重厚な語彙表現、例えば文語と呼ばれるようなものは単に言葉を箔付けするためものではなく、その言葉でなければ表し得ないような微妙なニュアンス(あるいはリズムや音感)を、より読み手の深部に届かせるためのものであったと考える。

しかしそうした表現は現在あまり使われることがない。文章と長年向き合ってきた自分が肌で感じるのは、言葉というものが標準化、画一化され、空疎なものになっているということだ。

自分が身近に感じる例としてネットユーザーの言葉遣いが挙げられる。どこの掲示板、どこのサイトに行っても同じような話し方ばかりを目にする。定型句を機械的に接続したような話し方をするので全員が同一人物であるかのような印象を受ける。

こうした言葉に嫌悪を感じていながら、一方で自分は当事者としてそうした言葉を望んでさえいる。それは結局、簡単な表現であれば容易に他者と意思疎通ができるからだ。

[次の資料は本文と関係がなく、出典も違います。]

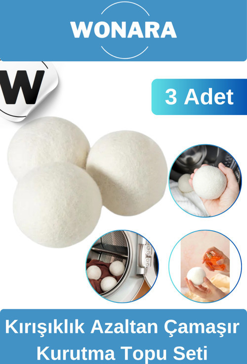 Wonara Doğal Yünlü Kırışıklık Azaltan Hızlı Kuruyan Sürtünme Önleyici 3’lü Çamaşır Kurutma Topu Seti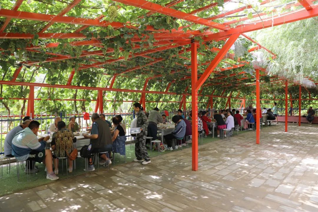 四十七团七连职工吐地买买提·吐达洪说:“我们四十七团七连桃花源农家乐,结合我们现有的条件采摘水果,有橙子、杏子、桃子、葡萄、梨子、苹果,我们的特色菜是牛尾,自己养的鹅、鸡、鸳鸯鸭。我们这儿一次性能容纳400人,旅客吃的还比较满意,目前来说,游客对我们这里的菜,环境比较认可,一年的毛利就是在100万左右。”

自分は文学的表現以上に広範な伝達可能性を重視する。自分は言葉を詩的な可能性に賭けて投げかけるのではなく、ある程度の根拠を持って伝わるものを選んで表現している。コミュニケーション能力、言葉の簡潔明瞭さを重視する昨今の風潮にならい、自分もまた、それが伝達に資するものであると判断できるなら、ネットスラングだろうが流行りの常套句だろうが積極的に使っている。

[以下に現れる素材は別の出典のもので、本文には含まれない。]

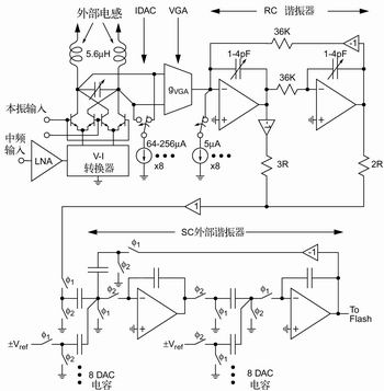 ADC的第二个谐振器也使用了一个LC谐振电路。图3中的VGA和有源RC谐振器消耗2mA的电流,并且不需外部元件就能满足第二级动态范围的要求。可编程电容阵列可以实现RC谐振器的调谐。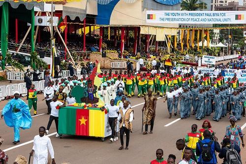 圖為20日,在喀麥隆首都雅溫得舉行的國(guó)慶慶祝活動(dòng)上,民眾列隊(duì)行進(jìn)。新華社發(fā)(科普索攝)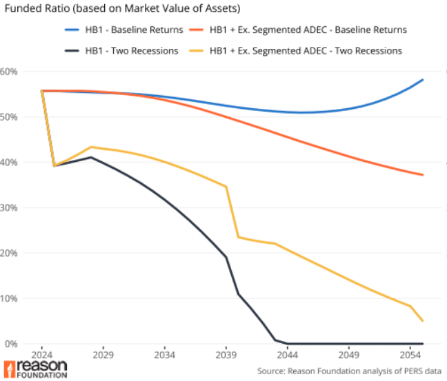 Despite two recessions over the next 50 years, the PERS funding ratio radically decreases without legislative action, but never goes insolvent due to the systematic ADEC funding rates.

しかしそう努力すればするほど、自分の文章の中のオリジナリティは損なわれていく。書き手である自分が、こうでなければならないと直感したものを押し通すような都合を極力廃し、言葉を知る人間ならば誰でも理解でき再現できるような表現を努め、できるだけ他者の都合に配慮しようとしている。これがビジネスだったならこれ以上望ましいことはないだろうが、自分の本来の関心は言葉の文学的追求にあった。皮肉なことに、今自分はその対極にいる。

言葉は大多数の人間に投げかけられるものと、少数の人間に語られるものとではまったく異なる様相を見せる。大多数に伝達可能なものになればなるほど言葉の伝わる範囲は広がるが、政治家や芸能人の公式見解のような空疎なものになる。少数相手の言葉になればなるほど、その言葉を受け止められる人々は限られてくるが、同じ関心、同じ理解を持つ者にはダイレクトに響いてくる。

大多数の人間相手に語られるような標準化された言葉を使わなければならないという圧を感じる。言葉からある種の偏りを排除することが望ましいことだとされている。偏りを持てば配慮に欠けると言われる。そうした時代にあって、自分の言葉の偏りに自信を持つことができない自分が情けなくなる。